What is agile?

I recently sat in the pub with a couple of colleagues and the subject came up. It soon became apparent that, while we do things in very similar ways we do differ on the use of the word agile. We had views expressed from “stop using that word” to “it’s just good practice” and others I don’t recall.

So, it’s sad talking about this stuff in the pub but it has prompted me to dig a little deeper into my own perspective.

So, what does it mean? In a training course I run I refer to it as an umbrella term for a whole bunch of approaches many of which pre-date the use of the word (think SCRUM, XP, TDD, FDD …). In the same course I offer the definition

“To be able to deliver business value quickly and respond to change”

But still this doesn’t provide us with an ability to recognise “agile” when we see it.

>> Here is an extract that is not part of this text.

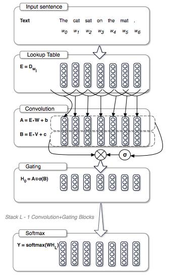 统计学意义的语言模型评估的是词语序列的概率分布。这导致了倾向于根据正在处理的词语对下一个词语出现的概率进行建模的方法。目前,语言建模的主要方法都是基于递归神经网络的。Facebook AI 研究院 提出了一个卷积的方法,来为语言建模。他们引入了一个新的门机制(gating mechanism),能够释放梯度传播,同时比Oord 等人在2016年提出的 LSTM 风格的 gating 性能上要好很多,并且还更加简单。

At XP day in November I recall two conversations. The first was with a manager who proudly told me his team were running text book XP very effectively and had been doing for some time. I questioned him on the output of his last retrospective. I recall someone saying about XP; “If you’re still doing it by the book after a month then you’re not doing it”. I believe that while XP, SCRUM etc. are helpful we should be constantly looking for a better way. On the same day I spoke to a developer from much more traditional background who’s team were making small steps to improve the process. So which team was the agile one?

I see constant striving for a better way as a fundamental. Compare this with the Toyota attitude to perfection.

The word “better” is the crux of this. Where better for this team is in line with the agile manifesto they will evaluate practices according to the teams ability to collaborate, their ability to deliver value (i.e. the right balance of software, documentation and other artefacts), their ability to collaborate with the customer obtaining feedback and their ability to respond to change.

So, given this definition, the team is, for me, agile independent of their current state.

So what about all of the practices we see, don’t they contribute? My perspective on an effective agile team is that they should keep sight of how practices evolve and select new practices in line with their current constraint or pain.

Given my definition above, it makes no sense to state that I have an agile team. Rather I have a team that is delivering effectively and is constantly striving for improvements. Agility offers a continuum and the manifesto proposes the direction of travel.